Éditorial

Samuel de Champlain et la fondation de Québec

L'article suivant est un éditorial rédigé par le personnel de l'Encyclopédie canadienne. Ces articles ne sont pas généralement mis à jour.

« Je suis arrivé là le 3 juillet, écrit Samuel de Champlain en 1608, alors que je cherchais un endroit où nous établir, mais je n'ai pu trouver aucun site plus convenable que la pointe de Québec. » Champlain met pied à terre et déploie le drapeau fleurdelisé, donnant naissance à la ville et, par le fait même, au Canada.

Jusque-là, toute l'aventure du « nouveau monde » n'avait apporté que deuil et déception à la France. De Cartier au sieur de Monts, les explorateurs avaient tous échoués dans leur tentative d'y imprimer leur marque.

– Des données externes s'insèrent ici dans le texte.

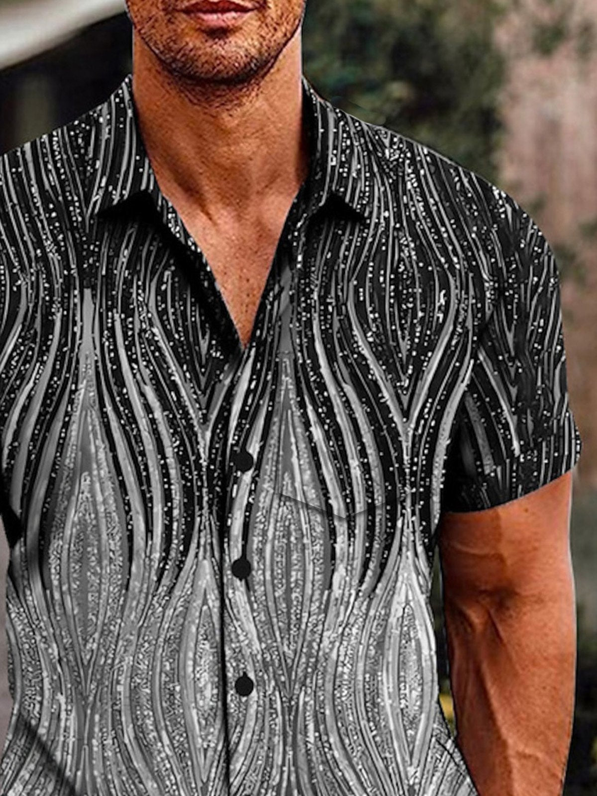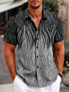 Alohadaddy 50's Retro Medieval Geometric Men's Camp Shirt Quick-drying Stretch Dark Gray Gradient Art Shirt Big Tall
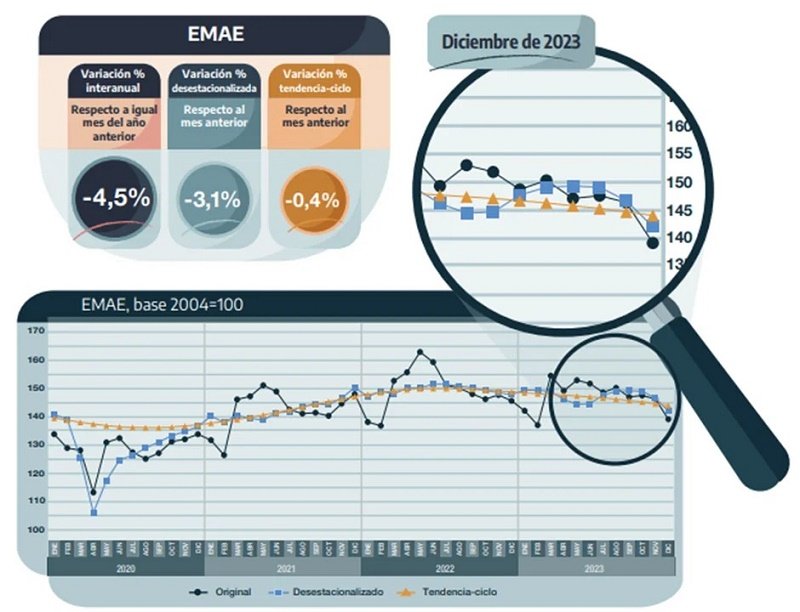 En tanto, en el último mes del año pasado la actividad mostró una baja de 3,1% respecto a noviembre en la medición desestacionalizada y del 0,4% en la serie tendencia-ciclo.
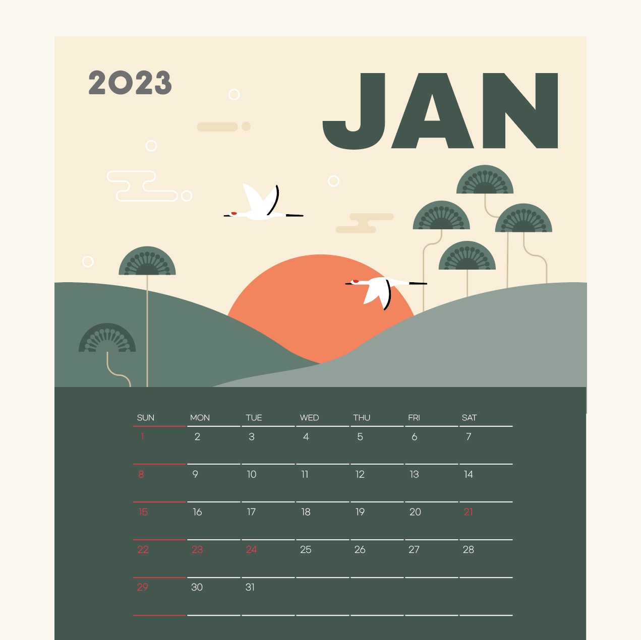 Hi, It is an urban brush. The image below is a sample of the traditional calendar illustration for January 2023. It is an illustration image expressing the calendar of the 2023 year. It is an illustration image depicting a January calendar with a traditional New Year’s feeling. Associated with January, calendar, new year, 2023, year of the cat. It is an illustrative image suitable for use in January, calendar, new year, 2023, and cat year categories. Download the traditional calendar illustration vector file for January 2023 and use it for design related to the 2023 calendar. If you need a graphic design request, search KakaoTalk “Urban Brush” and contact us. The fonts included are examples and are not included in the file. Please contact the font company for usage.
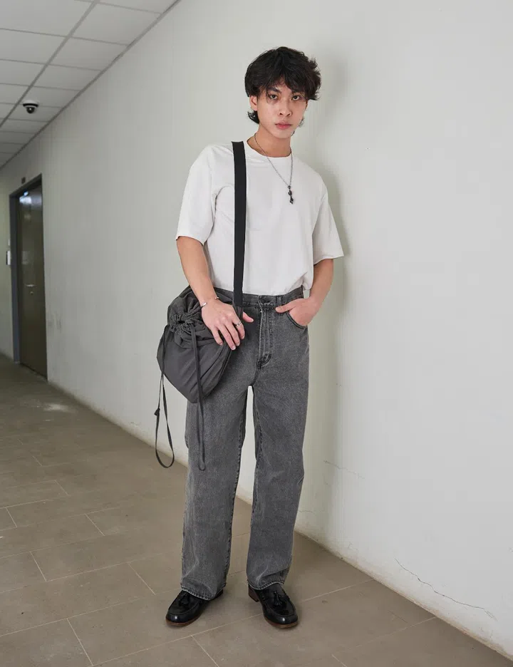 His fit: "I'm wearing a simple casting outfit – a white tee and straight grey jeans from GU, paired with loafers I bought in Japan. I added my own touch to the casting outfit by opting for grey jeans and loafers."
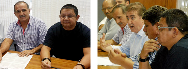 | Aires e o companheiro Tadeu antes das negociações; ao lado, dirigentes durante tratativas com o prefeito |
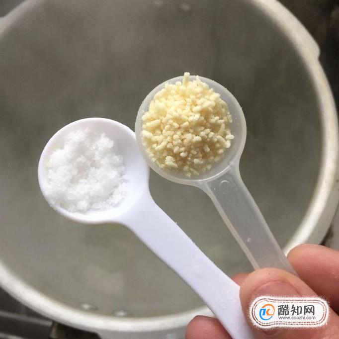 然后晚过中加入一勺的盐巴和一勺的味精并用勺子搅拌一下。这样做是为了让盐巴和味精更好的融入到汤汁中。
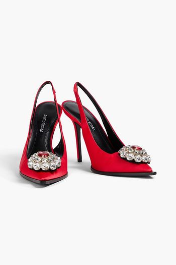 Begum 95 crystal-embellished satin slingback pumps
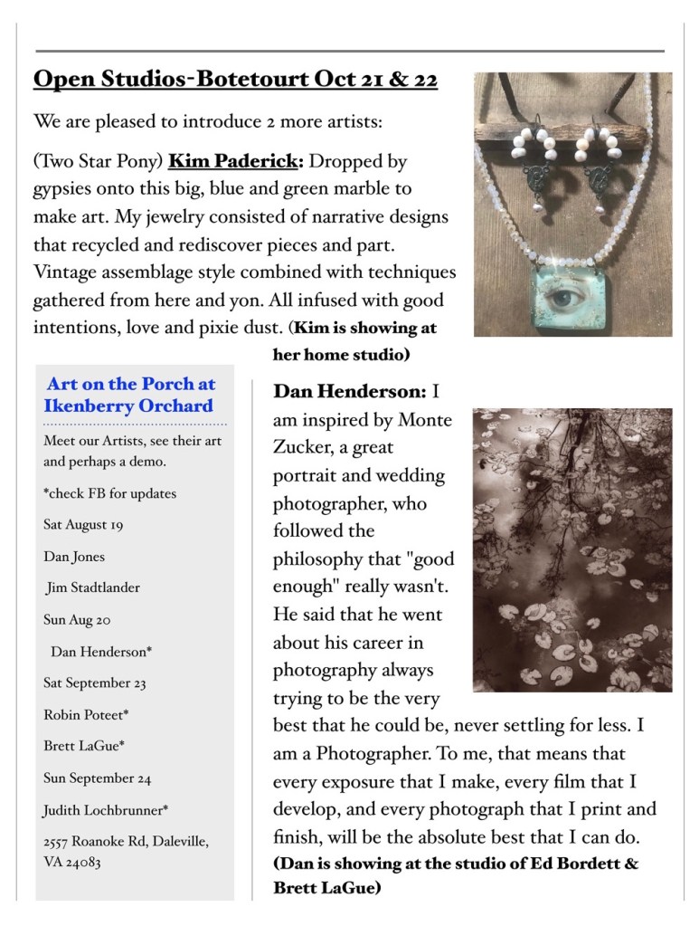 Update for August 4, 2023 Posted byOpen Studios - Botetourt 08/04/2023 Leave a comment on Update for August 4, 2023 Share this: Click to share on X (Opens in new window) X Click to share on Facebook (Opens in new window) Facebook Click to email a link to a friend (Opens in new window) Email Like Loading... Related Published by Open Studios - Botetourt Artists' studio tour, the last weekend of October, each year in Botetourt County, Virginia. View more posts

Le cours de l'histoire va changer avec Champlain. Ce visionnaire rêve d'ajouter un grand territoire à la France et de l'enrichir par la traite des fourrures. Il rêve même d'y répandre la foi et de pénétrer les mystères de ce continent vaste et déconcertant. Il persuade le sieur de Monts de faire une croix sur ses aventures acadiennes et lui insuffle une nouvelle énergie pour une expédition à Québec. Il lui assure qu'il va lui-même s'établir sur le Saint-Laurent où les affaires et le commerce peuvent être beaucoup plus intéressants qu'en Acadie. De Monts obtient que son monopole de traite soit renouvelé, nomme Champlain gouverneur et demande aux charpentiers navals de Honfleur de modifier les navires pour le voyage au Canada.

Sur les ordres de de Monts, le Lévrier, commandé par Gravé du Pont, part faire du commerce à Tadoussac. Le Don de Dieu, commandé par Champlain, ira établir un poste à Québec. Le Lévrier quitte Honfleur le 13 avril 1608, atteint Cape St. Mary's (T.-N.) le 26 mai et Tadoussac le 3 juin. Là, Gravé du Pont manque d'être fait prisonnier par les Basques, des gens durs qui tournent en dérision sa demande de monopole commercial. Fin diplomate, Champlain, l'ayant rejoint, fait la paix avec les Basques, continue à remonter le Saint-Laurent et accoste au cap Diamant le 3 juillet.

Ses hommes abattent des noyers, creusent des fosses de sciage et transforment les billes en madriers. Leur « habitation », une ambitieuse structure à trois niveaux, ressemble à une Bastille en miniature. Une galerie extérieure la ceinture. Le bâtiment est orné d'un colombier que seuls les nobles sont autorisés à avoir en France. La structure est protégée par un fossé enjambé par un pont-levis qui mène à l'entrée principale. La plupart des matériaux sont façonnés sur place, mais les élégantes fenêtres vitrées proviennent de France.

Champlain fait construire, en 1608, son « Habitation », qui sert à la fois de fort et de logis, à l'emplacement actuel de la ville de Québec (avec la permission de la collection John Ross Robertson/Metropolitan Toronto Library).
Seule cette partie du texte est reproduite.